Note that (1) and (2) are equivalent by definition (Properties of Spaces, Definition 63.10.2). To prove the equivalence of (1) and (3) we may assume $X$ is quasi-compact. Choose

\[ \emptyset = U_{n + 1} \subset U_ n \subset U_{n - 1} \subset \ldots \subset U_1 = X \]

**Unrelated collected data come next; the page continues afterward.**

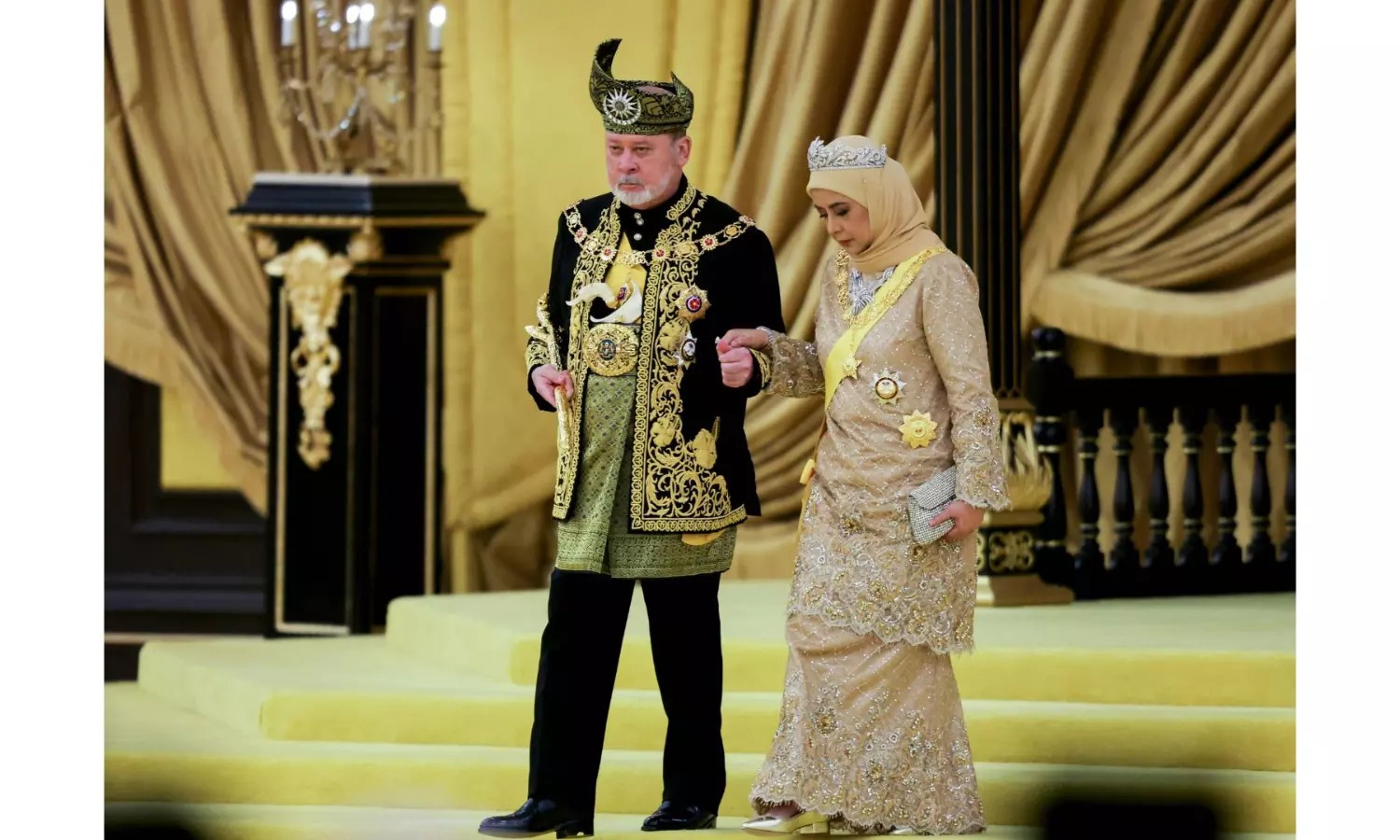 Donned in black and gold traditional ceremonial outfit and headgear, Sultan Ibrahim and Queen Raja Zarith Sofiah were greeted by military salute before they proceeded to the throne. The heads of the other royal families, Brunei Sultan Hassanal Bolkiah and Bahrain King Hamad Isa al Khalifa were seated on a stage beside the throne.
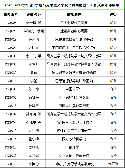 【公示】2020-2021学年第1学期太阳成tyc122cc“四同助教”工作成果考评结果
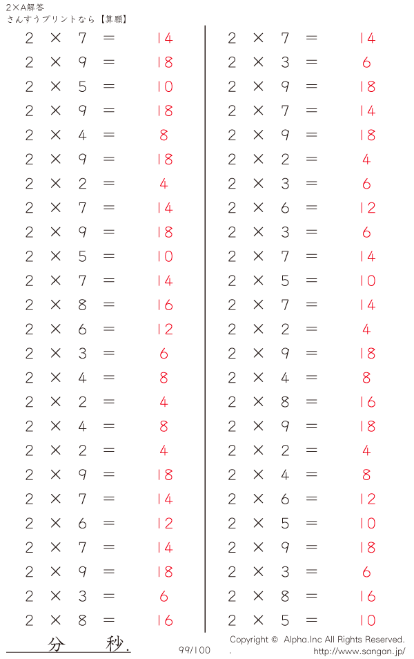 算数計算問題 2×AのPDFプリント [解答]099/100
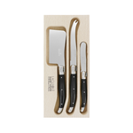 Verdier 3-Piece Cheese Knife Set, made in Laguiole, France by Andre Verdier. This set includes three essential tools for serving and enjoying cheese, each made of stainless steel blades and resin handles, complete with the iconic Laguiole Bee.
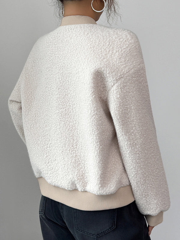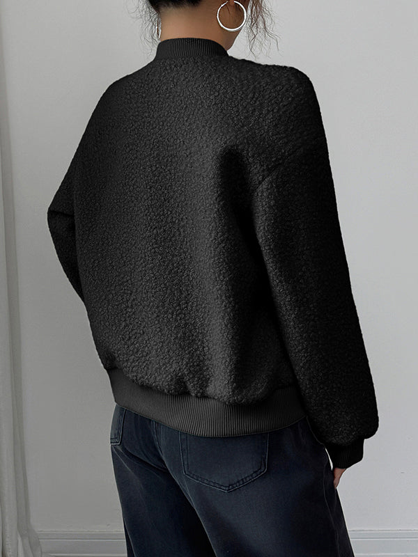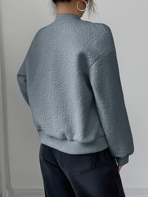 Long Sleeves Buttoned Elasticity Pockets Solid Color Collarless Jackets&Coats

and $f_ i : V_ i \to U_ i$ as in Decent Spaces, Lemma 65.8.6. Say $x \in U_ i$, $x \not\in U_{i + 1}$. Then $x = f_ i(y)$ for a unique $y \in V_ i$. If (1) holds, then $y$ is a generic point of an irreducible component of $V_ i$ (Properties of Spaces, Lemma 63.11.1). Since $f_ i^{-1}(U_{i + 1})$ is a quasi-compact open of $V_ i$ not containing $y$, there is an open neighbourhood $W \subset V_ i$ of $y$ disjoint from $f_ i^{-1}(V_ i)$ (see Properties, Lemma 28.2.2 or more simply Algebra, Lemma 10.25.4). Then $f_ i|_ W : W \to X$ is an isomorphism onto its image and hence $x = f_ i(y)$ is a generic point of $|X|$. Conversely, assume (3) holds. Then $f_ i$ maps $\overline{\{ y\} }$ onto the irreducible component $\overline{\{ x\} }$ of $|U_ i|$. Since $|f_ i|$ is bijective over $\overline{\{ x\} }$, it follows that $\overline{\{ y\} }$ is an irreducible component of $U_ i$. Thus $x$ is a point of codimension $0$.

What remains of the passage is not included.